A Month of Short Stories 2015, Day Sixteen – Cinnamon

The last two years, for the month of June, I wrote about a short story that was available online each day of the month… you can see the list for 2014 and 2015 in the comments for this page. It seemed like a good idea at the time. My blog readership fell precipitously and nobody seemed to give a damn about what I was doing – which was a surprising amount of work.

Because of this result, I’m going to do it again this year.

Today’s story, for day sixteen – Cinnamon, by Neil Gaiman

Read it online here:

Cinnamon

Cinnamon was a princess, a long time ago, in a small hot country, where everything was very old. Her eyes were pearls, which gave her great beauty, but meant she was blind. Her world was the colour of pearls: pale white and pink, and softly glowing.

After yesterday’s story, a tale ancient and local, we come to today’s – written by Neil Gaiman – another writer of local color… but his locality is the postmodern world of the internet and the graphic novel.

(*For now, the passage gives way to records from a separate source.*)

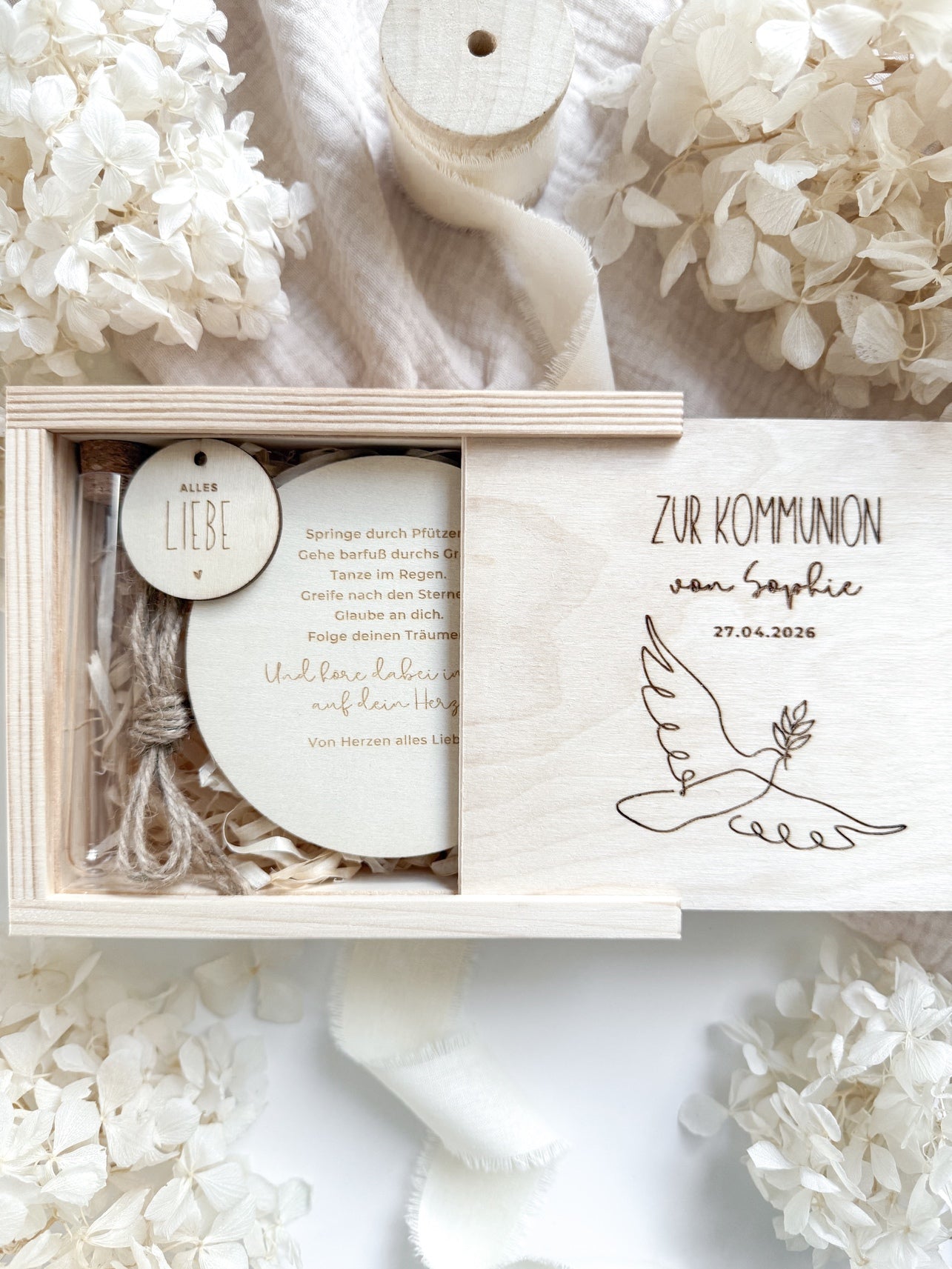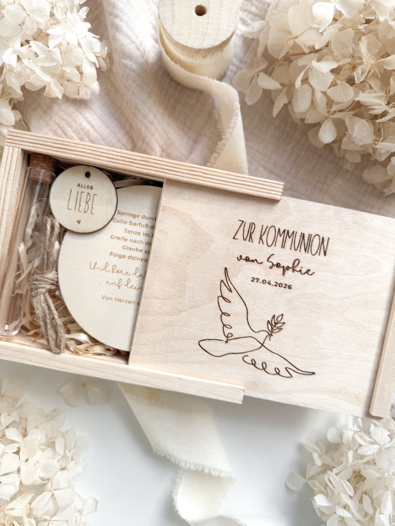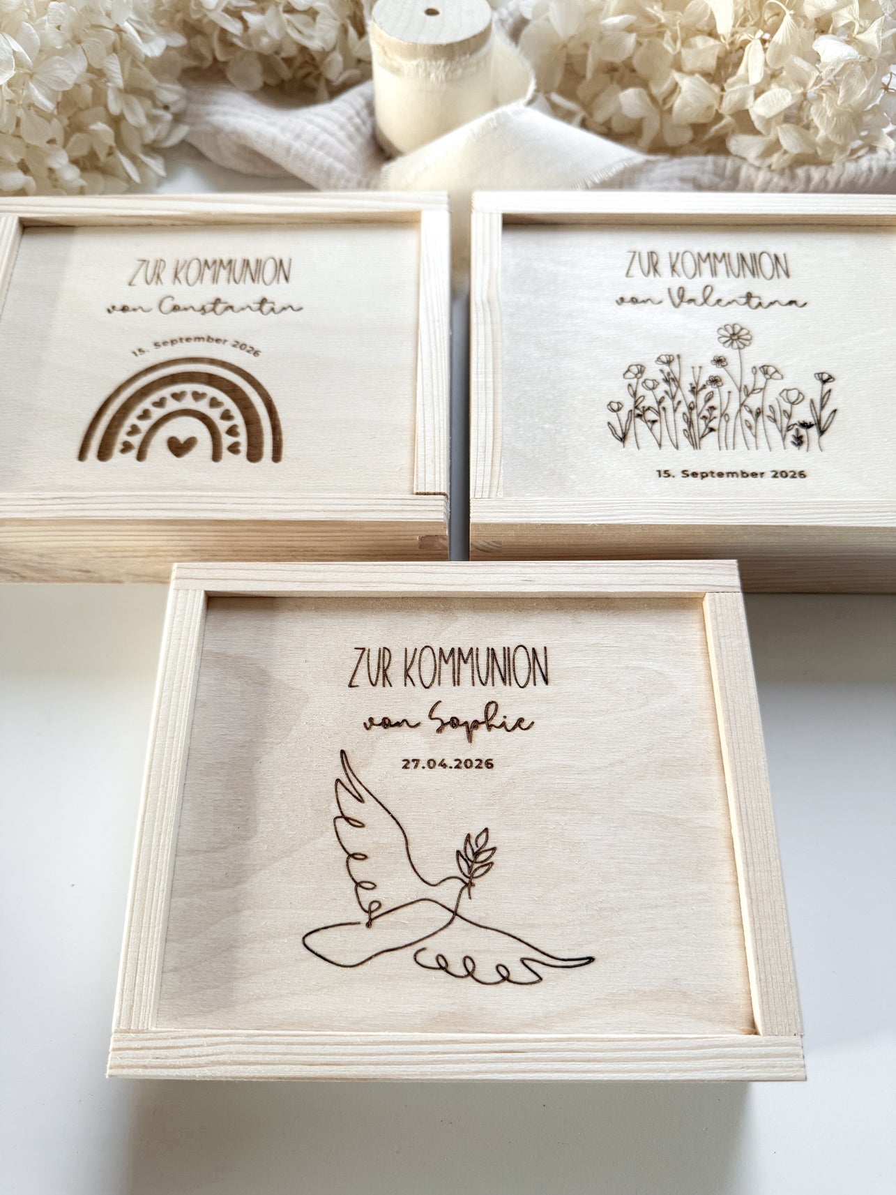 Mache dein Geschenk zur Kommunion einzigartig! Bestelle jetzt deine personalisierte Holz-Geschenkschachtel mit Gravur und überrasche mit einem Geschenk, das lange in Erinnerung bleibt 🤍
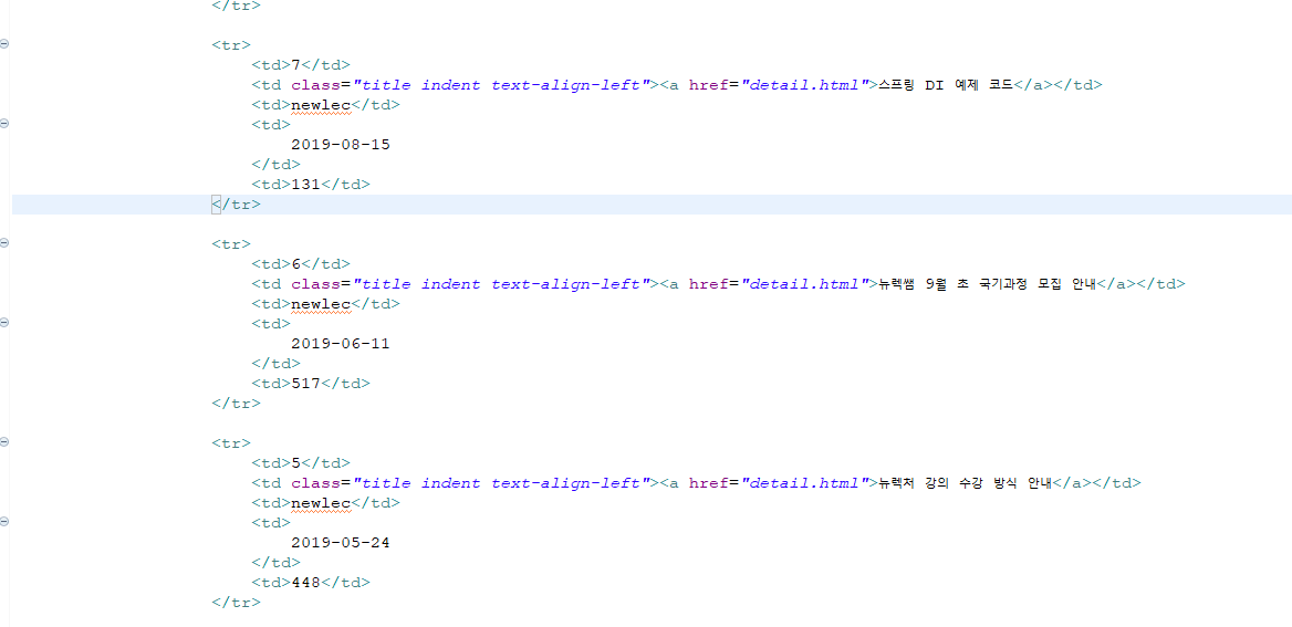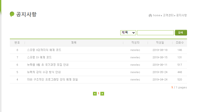 이 게시판의 번호는 정적인 html 코드로 만들어진것이다.
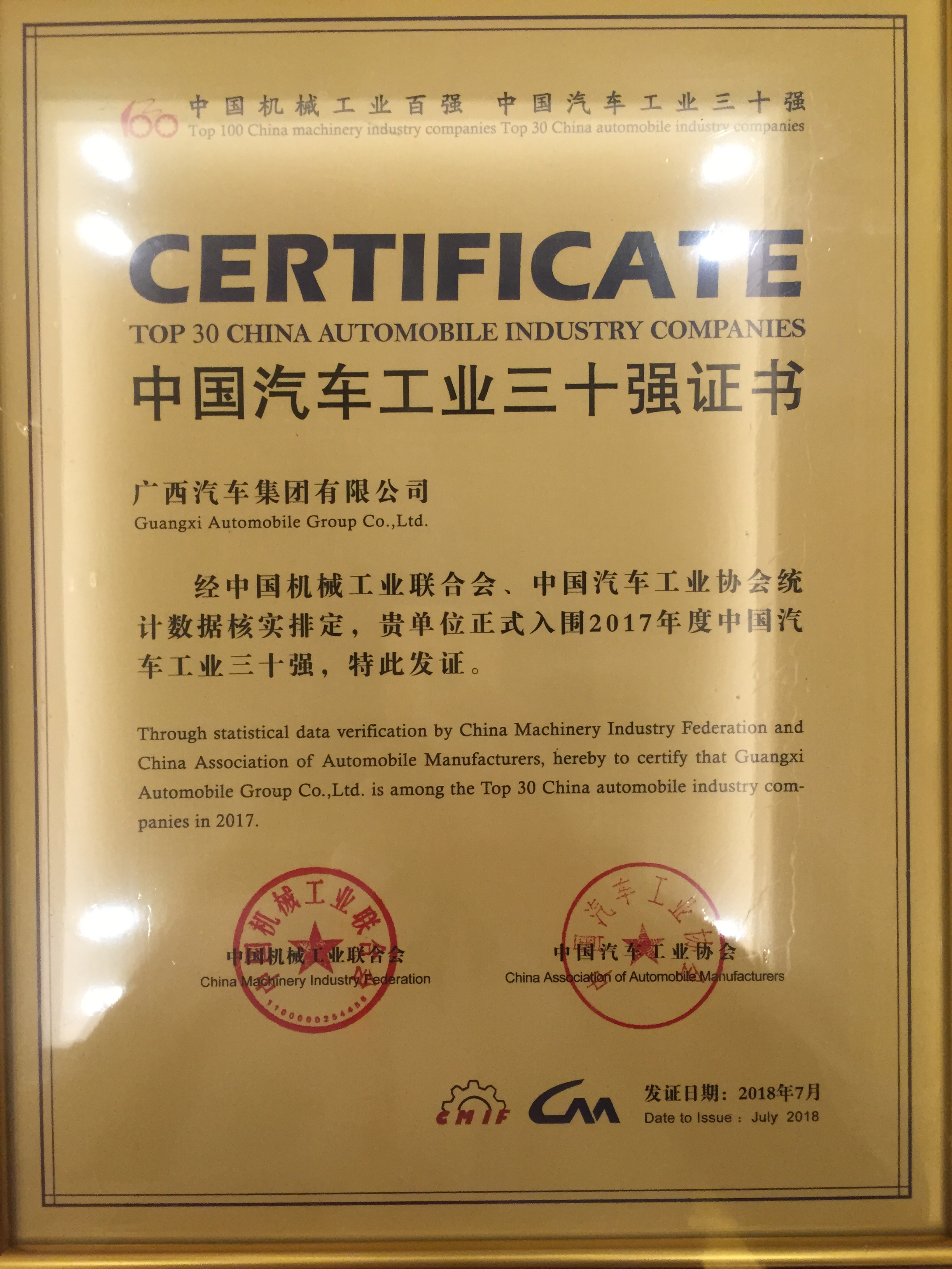2018年7月13日,由中国机械工业联合会、中国汽车工业协会联合组织开展的“2017年中国机械工业百强企业、汽车工业30强企业”榜单揭晓并正式向社会发布,GimyTV 公司以2017年度营业收入220亿元荣登“2017中国汽车工业30强企业”榜单,排名第21位,集团已连续10年跻身“中国汽车工业30强企业”行列。
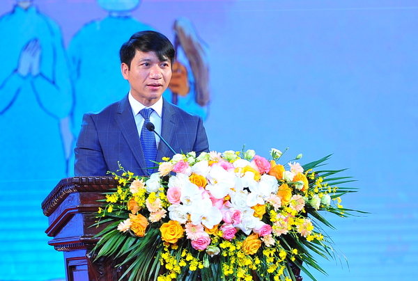 Bí thư TƯ Đoàn, Chủ tịch Hội LHTN Việt Nam Nguyễn Ngọc Lương phát biểu tại buổi lễ
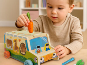 Montessori žaislai – įvairių rūšių dėlionės, instrumentai ir mokymosi įrankiai. Paprastų formų, spalvų elementai džiugina vaikus ir atskleidžia daug skirtingų žaidimo galimybių, lavinant skirtingas raidos sritis. Tokie lavinamieji žaislai ne tik skatina kūrybingumą, motorinius gebėjimus, bei smalsumą, bet taip pat lavina jausminį spektrą, lingvistinius gebėjimus.
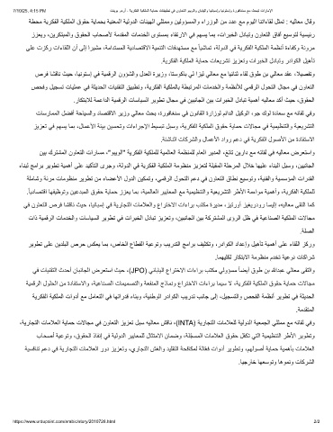 ﺔطﺣﻣ ﺔﯾرﻛﻔﻟا ﺔﯾﻛﻠﻣﻟا قوﻘﺣ ﺔﯾﺎﻣﺣﺑ ﺔﯾﻧﻌﻣﻟا ﺔﯾﻟودﻟا تﺎﺋﯾﮭﻟا ﻲﻠﺛﻣﻣو نﯾﻟوؤﺳﻣﻟاو ءارزوﻟا نﻣ ددﻋ ﻊﻣ موﯾﻟا ﺎﻧﺗاءﺎﻘﻟ لﺛﻣﺗ : ﮫﯾﻟﺎﻌﻣ لﺎﻗو
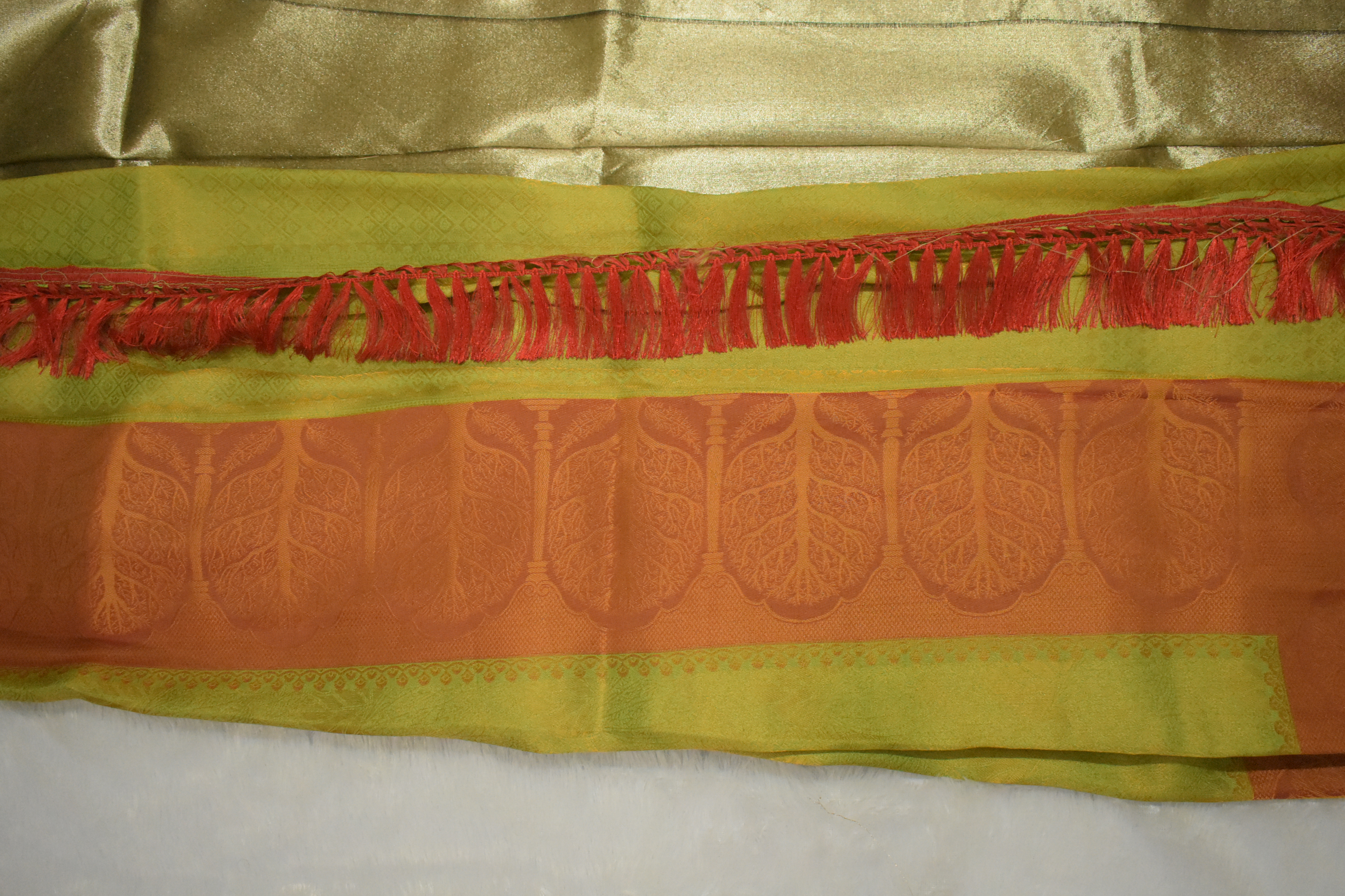 Kanchipuram Silk Saree Contrast Border Zari Woven Partywear Green Orange
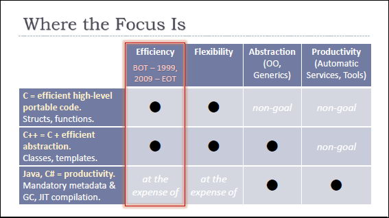 先说明一下,我不希望本文变成语言争论贴。希望下面的文章能让我们客观理性地了解C++这个语言。(另,我觉得技术争论不要停留在非黑即白的二元价值观上,这样争论无非就是比谁的嗓门大,比哪一方的观点强,毫无价值。我们应该多看看技术是怎么演进的,怎么取舍的。)
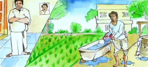 "మా తమ్ముడికి జ్వరం వచ్చిందయ్యా, అందుకని, వాడి బదులు నేను వచ్చాను, పనికి" అన్నాడు మారన్న, తెచ్చిపెట్టుకున్న వినయంతో. "సరే, పోయి తొట్లనిండుగా నీళ్లు తోడిపోసి, ఆ తరువాత ప్లేటునిండా అన్నం పెట్టించుకొని తిను!" అన్నాడు షావుకారు.
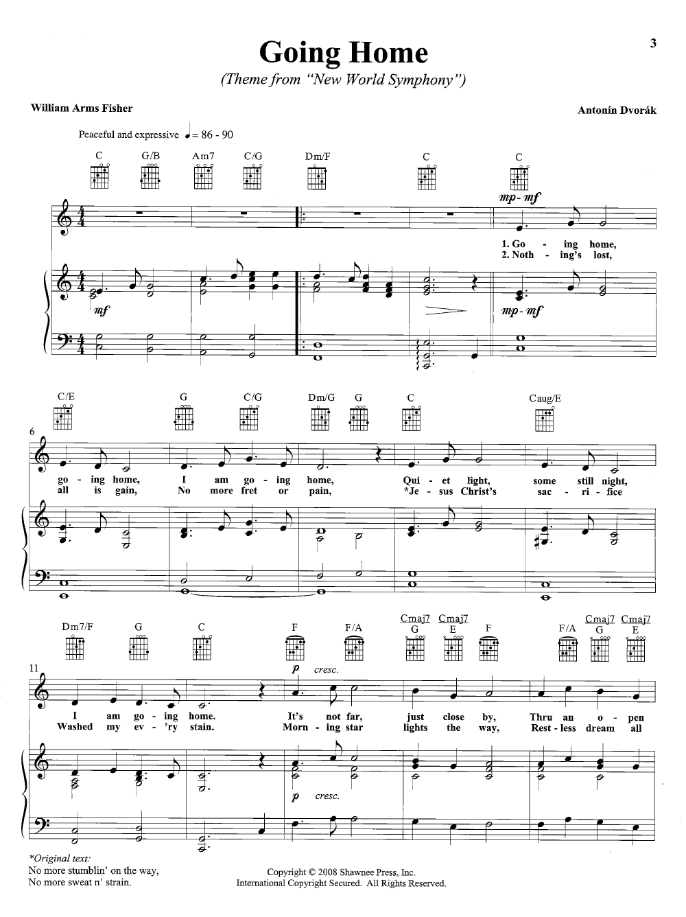 Finding just the right music for funerals and memorial services can be a challenge. So much needs to be considered: length, appropriateness, sentiment. Going Home is a wonderful collection which contains a variety of music for piano, solo or guitar. Two bonus CDs are included with demonstration recordings and accompaniment tracks, making this an invaluable resource useful for a variety of occasions, especially when rehearsal time is limited, or no accompanist is available. These musical selections will honor those passing on as well as comfort those who remain.
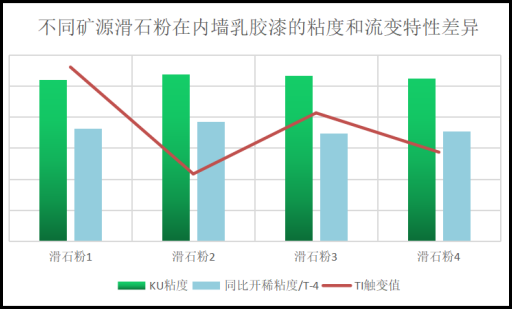 下圖為我司不同礦源的滑石粉在內(nèi)墻乳膠漆中的對(duì)比情況;由下圖可以發(fā)現(xiàn)滑石粉1粘度低,但其具有較優(yōu)異的流變TI指數(shù),說(shuō)明在配方使用滑石粉1可以使產(chǎn)品具有更寬的施工范圍,以及更優(yōu)異的施工抗流掛性;其他滑石粉則有粘度更高而觸變性更低等的情況。

Cinnamon is a short work in the form of a fable. The parents of a blind and apparently mute princess offer a great reward to anyone that can find a way to get her to talk. After a few failures the challenge is taken up by the most unlikely of suitors.

It’s a well-written and entertaining read. Gaiman can’t resist an inside or sly joke when one presents itself (the reason for the princess’s quietude can be guessed before even reading the story) and that sometimes hurts the prose and obscures the point. But it does add some extra entertainment to the proceedings.

And in this day and age, nobody can afford to turn down a little extra entertainment.